The group, which is nonpartisan but has been partially funded by former New York City Mayor Michael Bloomberg, spent six figures on advertisements in several print newspapers, online, and on billboards. The ads provide a striking contrast between actions that don’t harm anyone—after all, no one gets hurt if a little girl is eating ice cream—and someone carrying a loaded rifle in a grocery store. “One of them isn’t welcome at Kroger. Guess which one,” reads the ad copy.
Some shoppers may not realize that their local grocery is owned by Kroger. Along with Kroger stores, the corporate behemoth operates Fred Meyer, Food4Less, Harris Teeter, and Ralph’s stores. The Cincinnati, Ohio–based company is the second-largest retailer in the United States after Walmart, and the moms believe it’s time for Kroger to stick to groceries, not guns.
“In all states, but especially those where gun laws are lax, businesses have an obligation to protect their employees and patrons,” Shannon Watts, founder of Moms Demand Action, said in a statement. Watts founded the organization the day after the Sandy Hook Elementary School massacre, which took the lives of 26 people—20 children and six adults.
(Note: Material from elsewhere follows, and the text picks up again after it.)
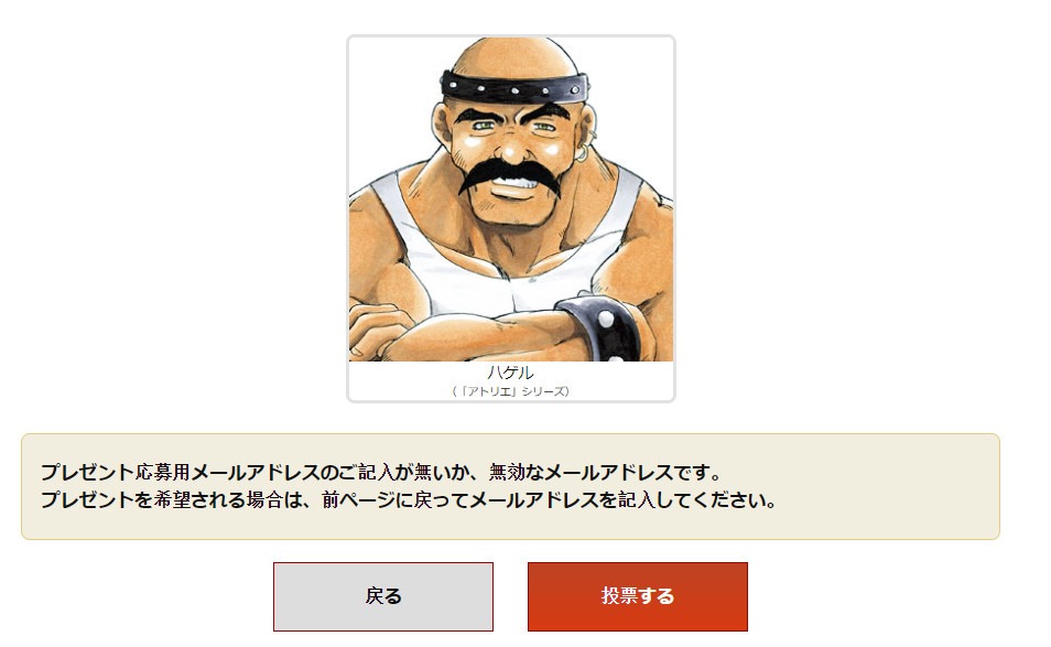 You can go here to pick your character, then hit the 確認 (Confirm) button below. There’s an email field for those who wish to enter for prizes, but it’s restricted to those living in Japan. However, anyone can vote on their character of choice without signing up with an email. Once you’ve made your selection and hit confirm, it’ll prompt you to reconfirm your vote on a second screen, which you can do by hitting the red button on the right: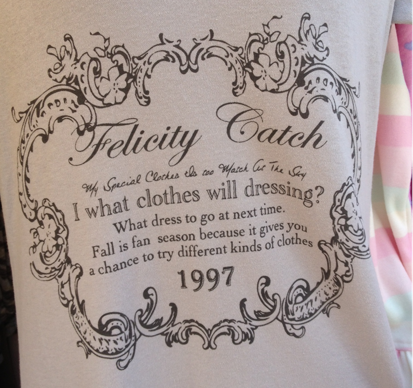 I have no idea why this one caught my eye in passing. I was walking from lunch and noticed the print on the front of this dress. Who/what is Felicity Catch and why grammar do time so bad?

Along with the advertisements, the moms have launched a petition directed at Kroger Company President and COO Michael Ellis and CEO W. Rodney McMullen. “Please keep your employees, customers, and their families safe from the threat of gun violence by prohibiting people from openly carrying weapons in your stores,” states the petition. According to Moms Demand Action, more than 100,000 people have signed the petition.
On the group’s Facebook page, the gun sense organization posted a photo of a man carrying a loaded weapon in a Kroger store in Tennessee. “Most state laws are so lax that open carry is allowed without background checks, permitting or training,” wrote the organization. “Kroger's refusal to stop open carry is putting customers and employees at risk.”
However, Keith Dailey, Kroger’s director of media relations, released a statement clarifying the grocer’s policy on firearms. “Millions of customers are present in our busy grocery stores every day and we don't want to put our associates in a position of having to confront a customer who is legally carrying a gun,” wrote Dailey. “That is why our long-standing policy on this issue is to follow state and local laws and to ask customers to be respectful of others while shopping. We know that our customers are passionate on both sides of this issue and we trust them to be responsible in our stores.”
On the Kroger Facebook page, both supporters and detractors of the anti–open carry petition are weighing in.
“Hi Kroger. Just [want] to tell you I skipped your store today and shopped elsewhere due to your lack of a sensible policy on guns in your stores,” wrote a commenter named Paula Scott.
“Well, I needed some groceries. So I went to Kroger,” replied a commenter named Julie Bush. “And guess what? I didn't get shot. No one pulled out their gun and started shooting.”